(Your task) Reproduce word for word every line from the one containing "学术预告:尼山国学大讲堂第四十六讲" to the final line of the data below; omit the pictures.

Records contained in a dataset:
◇ ◇ ◇ ◇ ◇ ◇ ◇

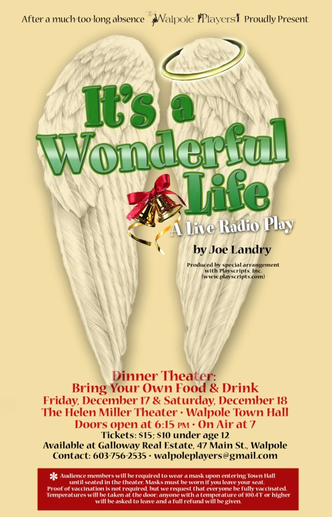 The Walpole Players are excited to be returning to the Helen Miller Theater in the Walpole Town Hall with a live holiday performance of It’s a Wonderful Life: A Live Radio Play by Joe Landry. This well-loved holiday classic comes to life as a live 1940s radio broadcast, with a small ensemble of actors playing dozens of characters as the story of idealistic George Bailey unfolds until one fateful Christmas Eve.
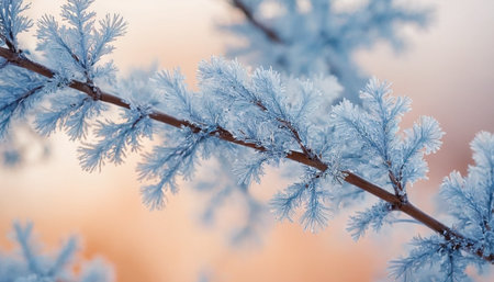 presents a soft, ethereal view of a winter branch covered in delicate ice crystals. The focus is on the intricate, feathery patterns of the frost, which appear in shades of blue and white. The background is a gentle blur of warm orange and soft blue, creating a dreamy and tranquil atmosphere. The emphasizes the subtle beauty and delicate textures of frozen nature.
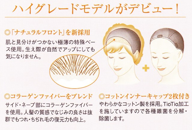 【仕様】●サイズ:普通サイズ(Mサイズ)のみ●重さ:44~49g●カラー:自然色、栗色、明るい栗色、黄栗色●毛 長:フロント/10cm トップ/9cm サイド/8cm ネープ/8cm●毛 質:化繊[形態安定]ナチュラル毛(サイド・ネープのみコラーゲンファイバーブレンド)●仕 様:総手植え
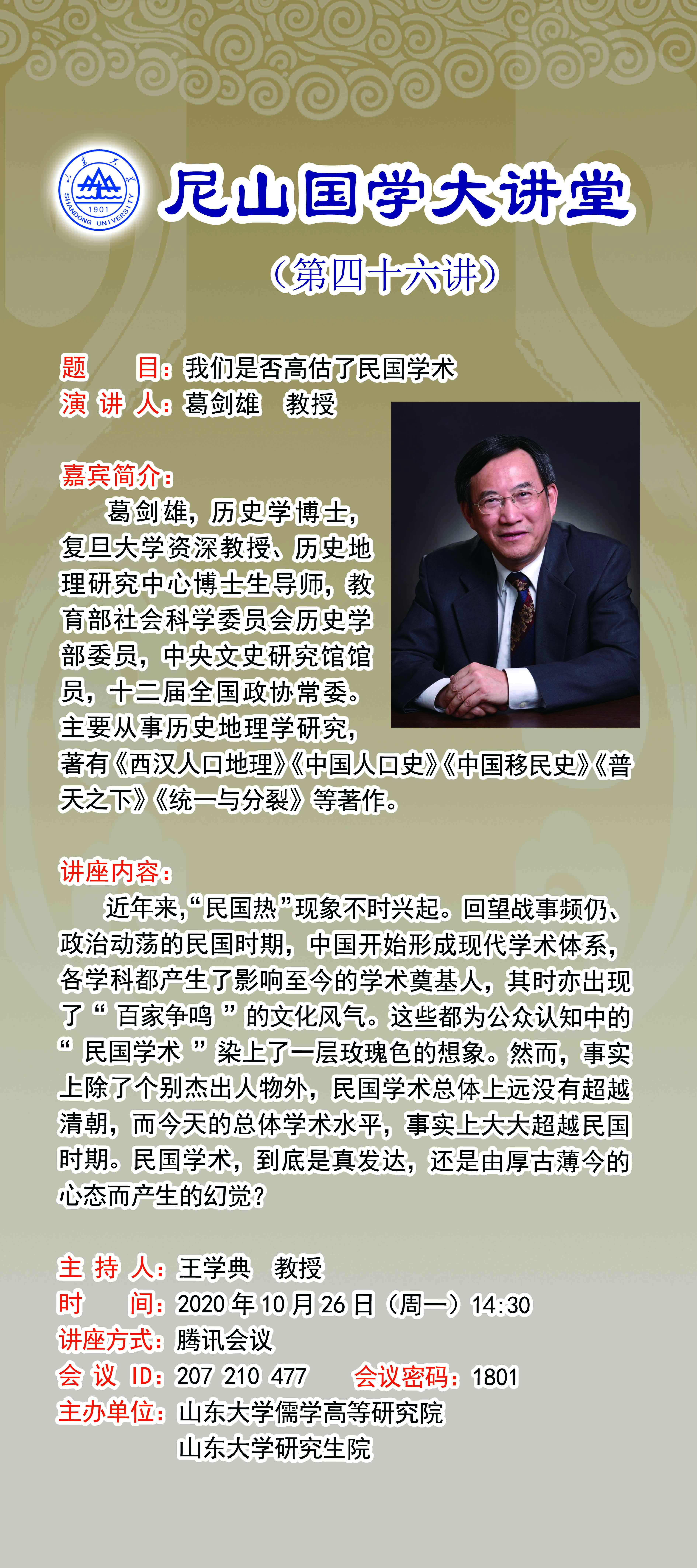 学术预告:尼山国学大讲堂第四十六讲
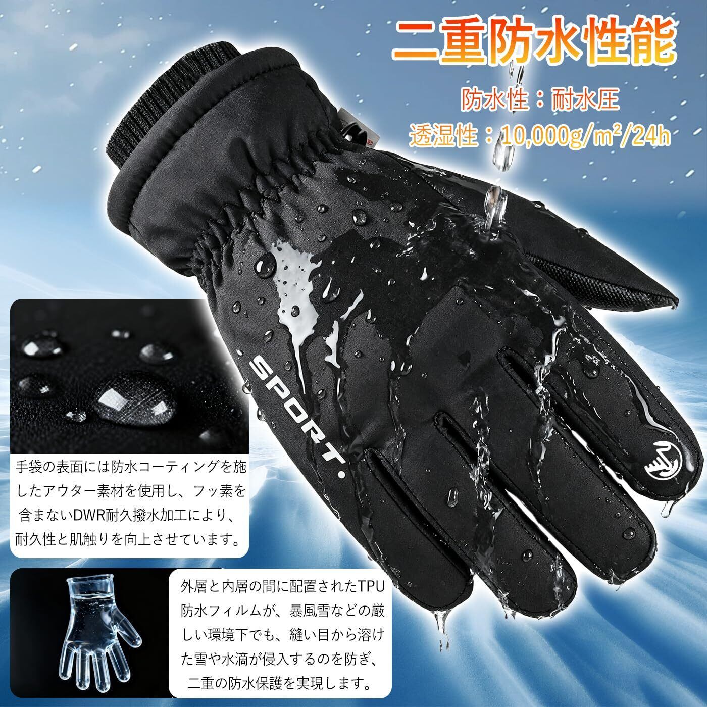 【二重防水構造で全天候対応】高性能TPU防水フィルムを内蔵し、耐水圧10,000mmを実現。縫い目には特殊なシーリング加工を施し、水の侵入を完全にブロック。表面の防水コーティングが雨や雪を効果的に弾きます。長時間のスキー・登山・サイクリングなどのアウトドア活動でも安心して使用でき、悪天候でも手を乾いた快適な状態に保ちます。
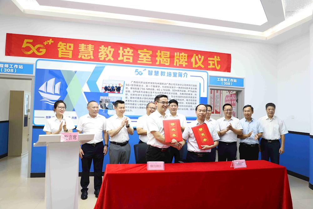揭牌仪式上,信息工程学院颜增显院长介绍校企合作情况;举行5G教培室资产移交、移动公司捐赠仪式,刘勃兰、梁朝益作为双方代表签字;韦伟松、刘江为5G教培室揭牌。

◇ ◇ ◇ ◇ ◇ ◇ ◇

(Solution)
 学术预告:尼山国学大讲堂第四十六讲
 【二重防水構造で全天候対応】高性能TPU防水フィルムを内蔵し、耐水圧10,000mmを実現。縫い目には特殊なシーリング加工を施し、水の侵入を完全にブロック。表面の防水コーティングが雨や雪を効果的に弾きます。長時間のスキー・登山・サイクリングなどのアウトドア活動でも安心して使用でき、悪天候でも手を乾いた快適な状態に保ちます。
揭牌仪式上,信息工程学院颜增显院长介绍校企合作情况;举行5G教培室资产移交、移动公司捐赠仪式,刘勃兰、梁朝益作为双方代表签字;韦伟松、刘江为5G教培室揭牌。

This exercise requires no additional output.